The guitars aren’t horrible at all, but they’re really simple and (what some people would call) generic. There are many interesting things that the guitarists do, but it’s mainly just ambient high-pitched notes and softer things. In other words, in the heavy distorted parts, I don’t really hear very much going on other than deep chugging and simple chord changes. But the reason why I’m not bothered by that at all is because it still sounds really cool! They still manage to keep the music engaging enough to keep me listening…but just barely. The bassist seems to be in his own little world, sort of like the bassist from Augury. He switches back and forth between just following the root note of the chords the guitars are playing and going on a completely different path that doesn’t even sound like the song, but still fits (for some reason I can’t figure out).

There are two songs that I want to talk about.
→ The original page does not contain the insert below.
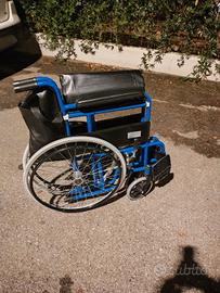 Carrozzina usata solo 2 mesi blu, richiudibile con freni e appoggiapiedi richiudibili scomparto porta oggetti e cintura di sicurezza
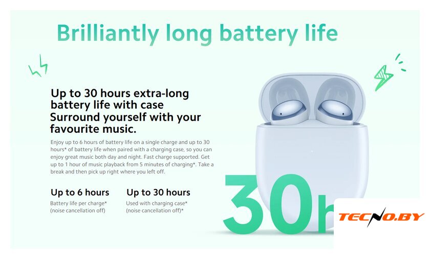 | Время работы с зарядным кейсом | 30 ч (без использования ANC) |

The first one is Voice to the Willing, which is a great opening track because it tears apart the assumption that these guys are “just another metalcore band that uses ultra-simple breakdowns”. Once the intro builds up, you get the feel of the tempo and right when you start banging your head to the breakdown, you realize that the complexity of the tempo is actually really high. So just the fact that they came up with something interesting like that made me smile. And right after that, you’re met with that guy’s tranquilizing singing voice that should not EVER leave this band’s music. About halfway through the song is probably the most interesting and catchy breakdowns on the entire record. You’re knocked off your feet with the extremely heavy downbeats with semimelodic (but not technical) lead guitar licks that sound AMAZING. The other song I want to talk about is my favorite off the record, The Critic. This is where the best singing is; the beginning of the song has a driving bass line and frilly guitars and of course, that singing that I can’t keep my mind off of! Now there aren’t very many other breakdowns that release even half as much anger as this one does. When I mean this one, I mean what attacks you right after the beautiful introduction.

This is by no means an amazing release. BUT, this is EXACTLY what I wanted to hear out of these guys…why? Because if a band’s first album is virtually flawless, it doesn’t leave very much room for improvement (and usually doesn’t end up in improvement). So I actually couldn’t ask for any more than what these guys have given me right here, which is an imperfect, but strong album to keep me looking forward to an even stronger release. This is a very strong debut release and will always have a place in my CD collection. I would give this 14/20; not for having flaws, but for having plenty of room for improvement and growth. But that means that I’m going to have some high expectations for their sophomore follow-up.